Pain Management
What happens when people are in pain?
The first thing you do is hold your breath. If you stub your toe, the first thing you do is gasp! And hold your breath.
And when we’re in pain the next thing we do is tighten up. Sometimes that’s a good thing; the body is protecting the injured part. But when pain itself is the problem, tightening up only makes it worse; one physician told me that it makes pain ten times worse when you tighten up.
Being in chronic pain is a problem in and of itself; whatever the underlying cause, the pain itself needs to be managed.
If you tighten up and hold your breath, the pain is likely to hurt worse. And that creates a vicious cycle; pain hurts, tighten up, that makes it hurt more, tighten up some more.
When you want to break the cycle, medication is often the first place we look. But medicine has side effects and it can also lose its effectiveness, over time. The body becomes used to it and needs more and more to do the same job.
People often turn to alternative methods.
One way that has helped many people is the Alexander Technique. The Technique is a hands-on, educational method for neuro-muscular re-education.
OK, you ask, what does that mean in English? And since it’s an educational method, how does it help with pain management, anyway?
One way that Technique helps is because it teaches a skill for conscious control. That includes learning how not to tighten. Sometimes muscles tighten up without our even knowing it and certainly without our conscious trying to do so. We can learn to release tension in general and also, specifically.
The Alexander Technique is about awareness. It’s about a sense in the body that has become dormant in many of us. It is about the connection between thought and muscular activity.
For specific tensions, your teacher may look at you and observe, or with hands-on, be able to feel, where you are tightening up. Together with your teacher you can learn how to take back control over your own body.
But either way, the first step is awareness.
Sometimes the fastest way to let go is to join the resistance. For example, tighten up your arm or leg some more! Then you can sense more clearly how you are holding some part too tightly, and then consciously think to let it go.

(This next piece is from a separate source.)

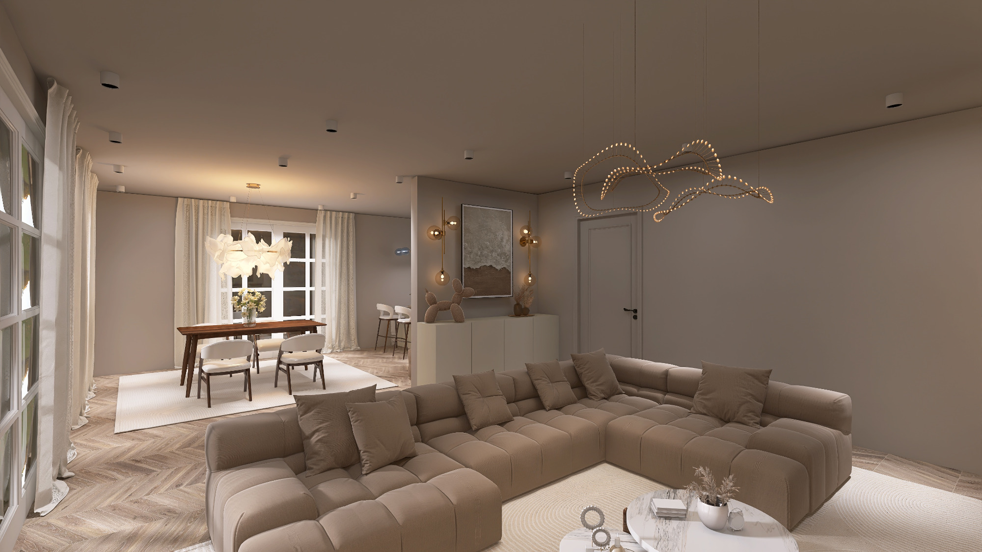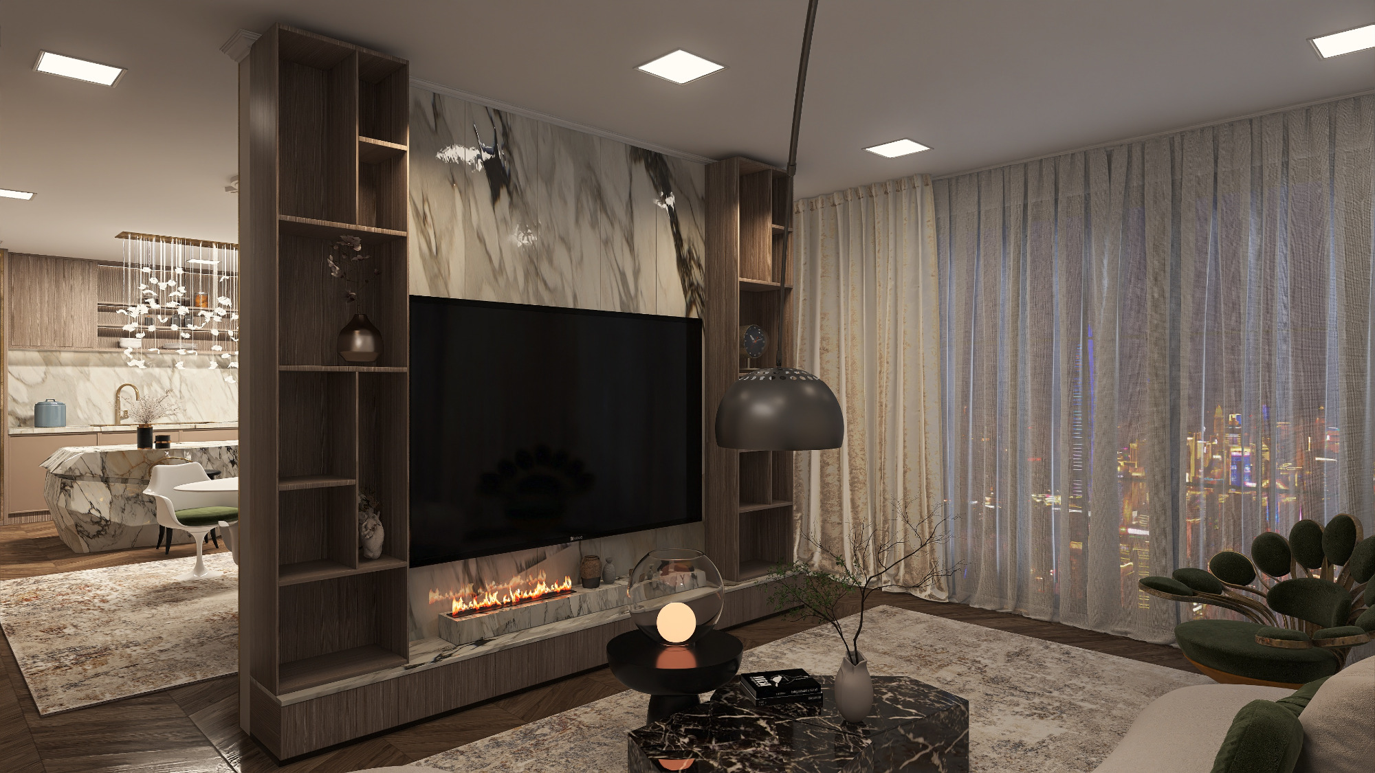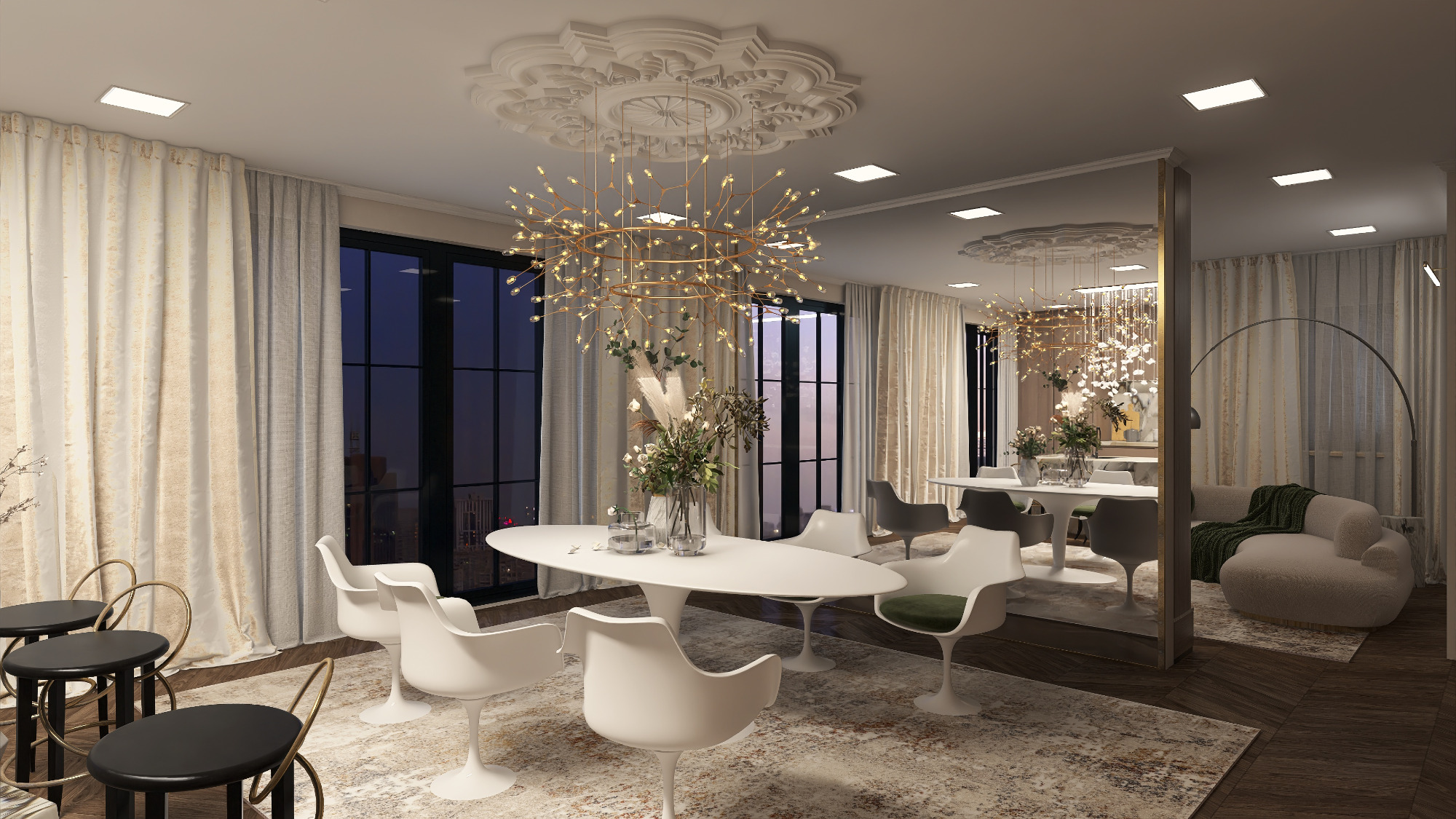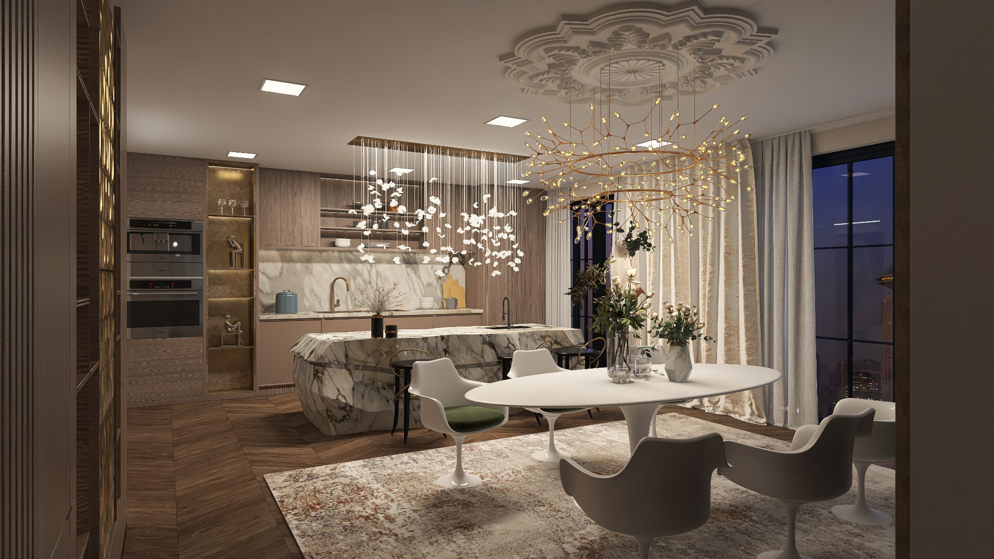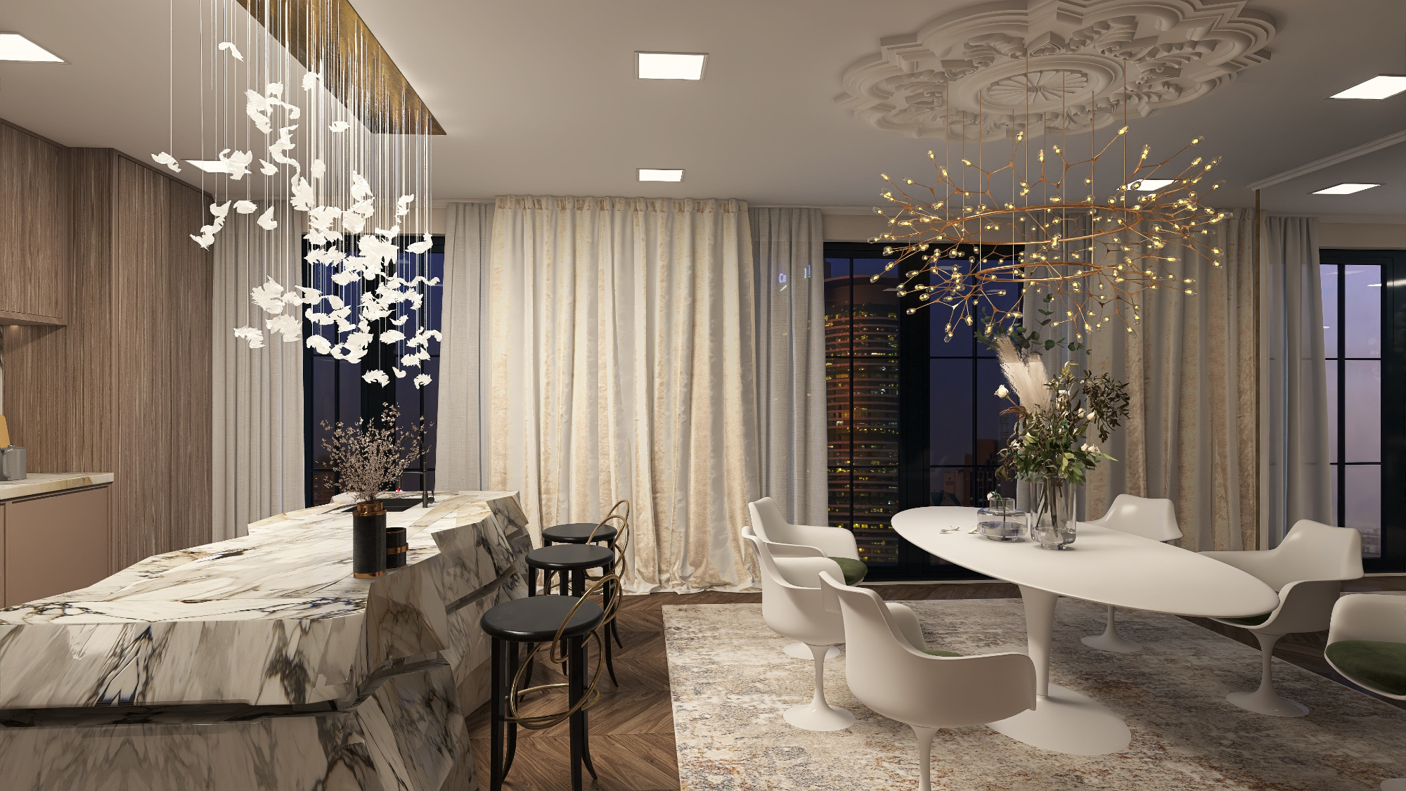 Bei dieser Penthousewohnung stand der Wunsch der Kundin im Mittelpunkt, einen Ort zu schaffen, an dem moderner Minimalismus und luxuriöse Eleganz harmonisch miteinander verschmelzen. Entstanden ist ein Zuhause, das den Zauber von Hollywood Glam versprüht – mit edlen Materialien, glänzenden Akzenten und einer stilvollen Inszenierung von Licht und Raum. Trotz der glamourösen Elemente wirkt das Interieur verspielt und leicht, ohne je überladen zu erscheinen. So entstand ein einzigartiges Wohngefühl, das Eleganz, Persönlichkeit und Wohlfühlatmosphäre perfekt vereint.

Here’s a little experiment to show you how thinking can help a muscle let go. This is about the connection between thought and muscular activity.
Make a fist. Make a really, really tight one. Tighten it up some more. Now leave your fingers all curled up, but think to yourself, not to tighten.
Notice what happens. Your fingers are still in the shape of a fist but the quality of the sensation in your hand is entirely different.
As an Alexander Teacher, I help my students discover and release tension that is unnecessary and oftentimes interfering with optimal functioning.